Having already calculated launch angle, it seems logical that the next step would be to calculate exit velocity. It would seem as though some relationship between hit distance (calculated using the home plate location found in part three and the coordinates of the batted balls) and launch angle would yield an approximation for exit velocity, and indeed, such a relationship appears to exist at the major league level.
Despite this, using the model that I reverse engineered from Statcast and correcting for differences in hit-tracking between the stringers and the MiLB, I found that such a model was grossly inaccurate at the minor league level. Shown below are MiLB hitters with at least 200 BIP in 2016 and 200+ BIP in the majors in 2017.
Perhaps the depth of batted ball locations are inaccurate, or perhaps the model itself has issues. I think this is a difficult challenge because we're trying to measure the size of an intangible object using its shadow - it's not as simple as plugging the values into excel's equation solver, as we need to have method behind our model. I think of this challenge as a WIP, and I hope to update this post with a solution soon, but for now I have no clear way of estimating MiLB exit velocity.

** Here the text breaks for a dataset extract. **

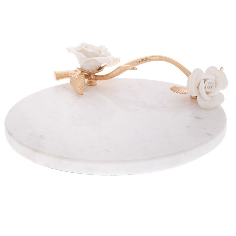 БЯЛ МРАМОРЕН ПОДНОС С ЦВЕТЯ И ЗЛАТНИ ДРЪЖКИ В КРЪГЛА ФОРМА 23X20X5,5 СМ
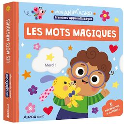 Un livre pour apprendre la politesse et le vivre-ensemble, en lien avec le quotidien de l'enfant pour une reconnaissance immédiate. Une thématique inédite, qui parlera à tous les parents, pour apprendre les mots magiques tout en douceur : - bonjour / au revoir - s'il te plaît / merci - je m'excuse / pardon - bonne nuit / je t'aime On retrouve toujours 5 mécanismes solides, logiques et adaptés aux petites mains, faciles à manipuler, et une double finale qui récapitule les apprentissages de façon ludique, grâce à un jeu de flaps.

Still, the rest of the data that we're working with appears solid and powerful. I've already revealed a couple functions that I've been using, and I hope to develop an R-package for all of these functions, including heatmaps, splits, date-ranges, a built-in R scraper, and more. I hope to keep y'all posted on this later this summer.
Thank you for reading this series! I hope this was insightful or at least entertaining. In my opinion, not enough public analysts are using MiLB data, and while it's certainly rough around the edges, there's still valuable information to be gleaned from it.